Je suis soufflé devant La Presse+, après deux jours de consultation de l’édition numérique de mon journal pour iPad. Pour reprendre une expression anglo : « Mind, blown. »
Hier, en boutade, j’ai écrit sur Twitter que je me sentais comme s’étaient sans doute sentis les gens qui ont regardé la télévision pour la première fois, dans les années 1950. J’exagère, évidemment. Mais ça reste quelque chose de complètement neuf, dans l’offre média, il me semble, je ne me souviens pas d’avoir manipulé quelque chose de semblable.
Deux trucs intéressants à lire, à ce sujet : un reportage de Radio-Canada et une analyse de Maxime Johnson.
Je regarde ce média neuf et même si je le soupçonnais déjà, je vois concrètement comment ma façon d’exercer mon métier va être décoiffée. Je vais devoir trouver d’autres façons de raconter des histoires, comme tous les collègues. Pas tout le temps: je crois qu’il y aura toujours de la place pour des chroniques de 800 mots sans grand appui multimédia, surtout en opinion. Mais pour les reportages, on entre dans une autre forme de storytelling.
En consultant La Presse+ hier, je me demandais comment j’aurais raconté différemment des séries récentes, comme celle sur l’amour ou celle sur la mort d’un préventionniste du Service des incendies de Montréal. Dans la version papier, pas de souci : de la même façon, ou presque. Mais pour La Presse+ ? Je ne sais pas. Il va me falloir penser autrement, aborder les sujets d’une façon moins linéraire.
C’est fascinant et… angoissant.
Je vais devoir recalibrer mon cerveau, finalement. Un peu comme en 2003, quand je suis passé de reporter à chroniqueur : ce ne sont pas les mêmes parties de ton cerveau qui travaillent, ce ne sont pas les mêmes réflexes que tu dois aiguiser. C’est seulement plus tard que j’ai réalisé que pendant un an ou deux, après un an ou deux de chroniques (bien souvent nulles) écrites à tâtons, mon cerveau était en train de se recalibrer. J’espère que ça va me prendre moins de temps, cette fois-ci…

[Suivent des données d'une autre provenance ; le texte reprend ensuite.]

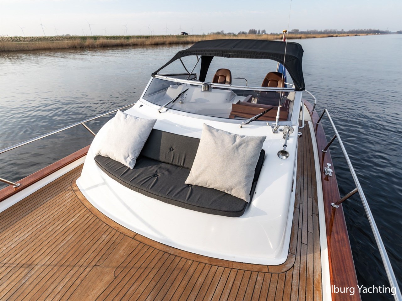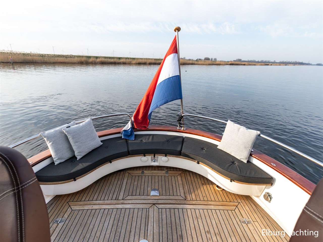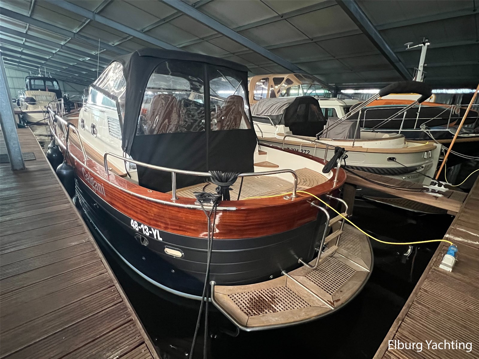 Prachtige Apreamare 10 Semi Cabinato met gezellige leefruimte buiten op zowel het voor- als achterdek. De huidige eigenaar heeft het afgelopen jaren vele zaken vernieuwd en verbeterd aan boord. De volgende werkzaamheden zijn uitgevoerd: Houtwerk/potdeksel in Q2 2025 opnieuw gelakt, keerkoppelingen zijn compleet gereviseerd, boiler 12 liter vervangen door nieuwe 40 liter boiler, Webasto heteluchtverwarming ingebouwd, nieuwe Raymarine plotter touchscreen en nieuwe Raymarine stuurautomaat, Garmin marifoon met AIS, 3000Watt omvormer Victron, Nieuwe accu's geplaatst, Nieuwe koelkast, Nieuwe lattenbodem en matrassen, onderwater schip kaal gehaald en opnieuw antifouling aangebracht. Sinds 2021 heeft dit schip het alle jaren in een schiphuis gelegen. Dit schiphuis in Ossenzijl is separaat overdraagbaar in de vorm van huur of koop. Deze Apreamare 10 Semi Cabinato is voorzien van: vaste bank in kuip en op het voordek met afneembare kussens, biminitop over achterdek, bakskisten, r.v.s. fenderhouders, volledige kuip tent over stuurstand met uitneembare delen, machinekamer bereikbaar via twee grote kuipluiken, dubbele Separ brandstoffilters, twee luxe vaarstoelen in hoogte verstelbaar, trimtabs, radio, victron battery display. De tent is over de stuurstand is neerklapbaar waarmee een minimale doorvaarthoogte van 2,20meter kan worden verkregen.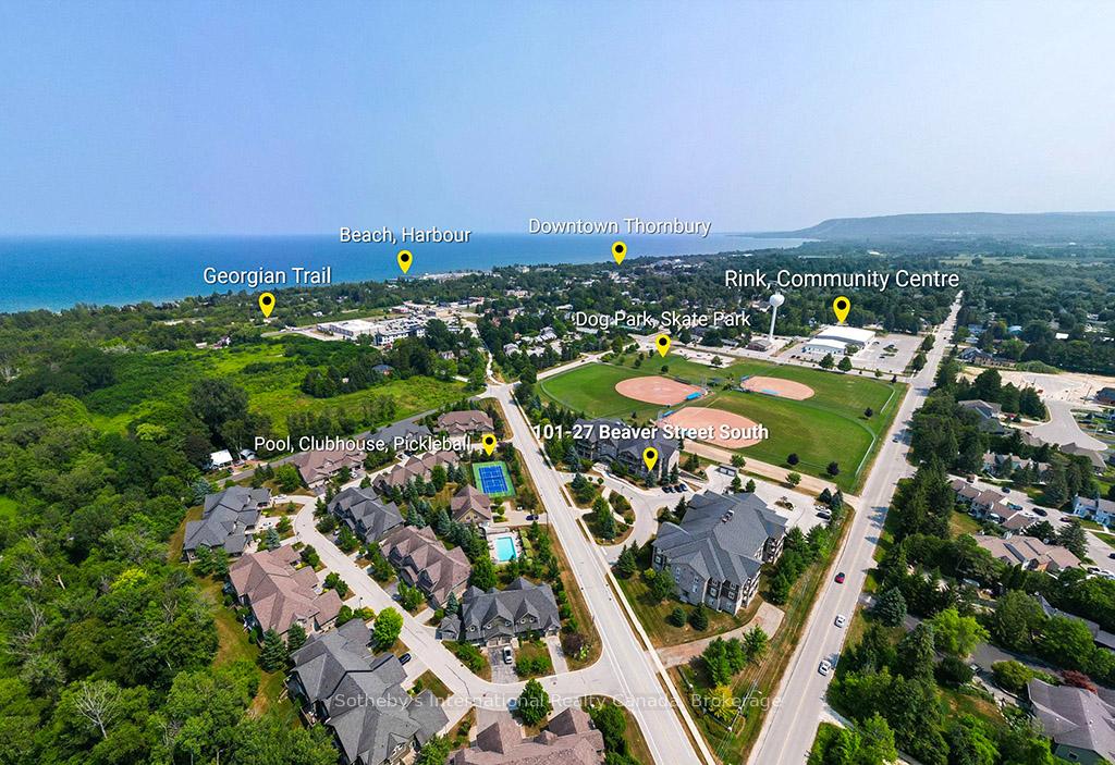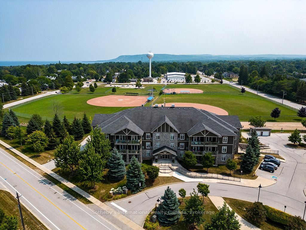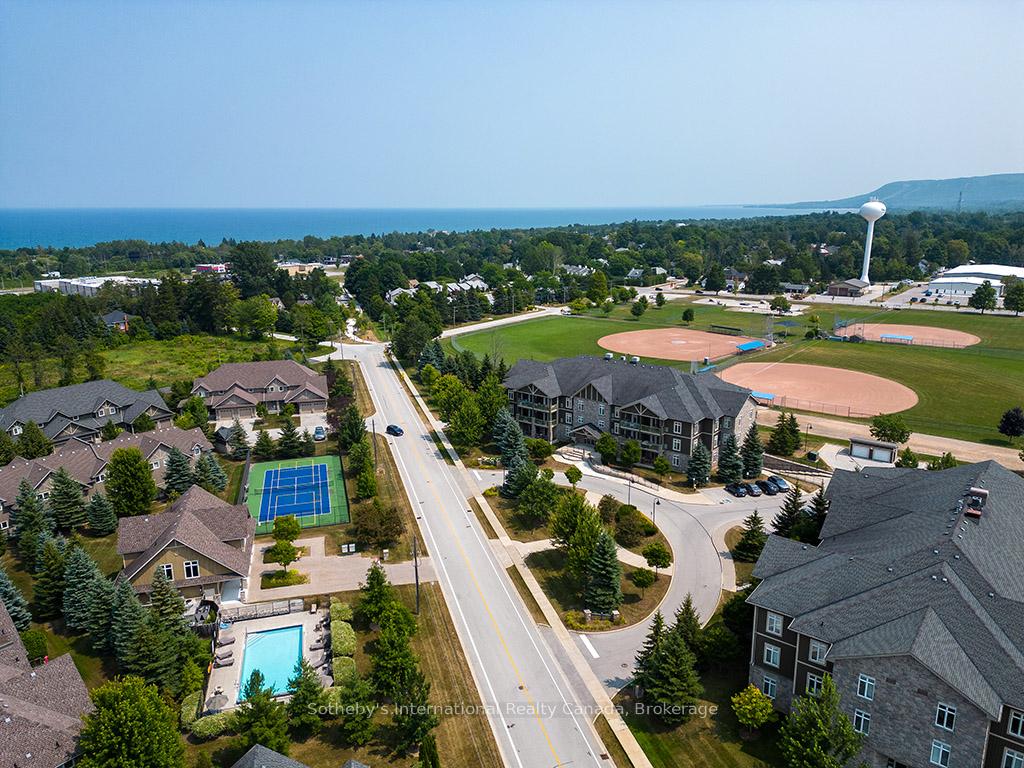 Prime location for this desirable unit set on the first floor in the very sought after Far Hills development. This very bright and spacious 2 bedroom, 2 bathroom suite with open concept living space features 1479 sqft. This beautiful suite has hardwood flooring, a gorgeous kitchen with granite counters, separate island and stainless steel appliances, a picturesque balcony, a large master bedroom with an ensuite with shower and separate tub and features a well sized additional guest room/office and full second bathroom. Amenities include designated underground parking, storage locker, inground pool, tennis courts, clubhouse and fully accessible with elevator and within walking distance to the exclusive boutiques and restaurants of downtown Thornbury, as well as the Georgian Trail and Thornbury harbour marina on stunning Georgian Bay.

C’est aussi ce que La Presse a fait, ces dernières années: recalibrer ses façons de faire. En deux, trois ans, nous sommes passés d’une entreprise publiant des nouvelles sur des arbres morts et sur un site web à une entreprise qui a accouché d’une nouvelle bibitte, avec cette application. Et même si le résultat est déjà superbe, nous n’en sommes collectivement qu’au début du processus de création de La Presse+… Ce qui augure bien : quand nous aurons tous métabolisé les façons multiples de raconter des histoires sur cette plateforme, le résultat risque d’être hallucinant.
Est-ce que ça va « marcher » ?
Dans le sens où La Presse+ va permettre à l’entreprise de transcender le long fade out des médias écrits ? Je ne sais pas, je ne suis pas un devin, je suis pas un spécialiste de la business des médias mais j’imagine que nos boss ont fait leurs devoirs et qu’ils y voient un potentiel certain, s’ils ont investi 40M$ dans l’aventure. Ce que je sais, c’est que nous tentons une percée en territoire inconnu, avec une fougue, une confiance et une audace colossales.
C’est vivifiant.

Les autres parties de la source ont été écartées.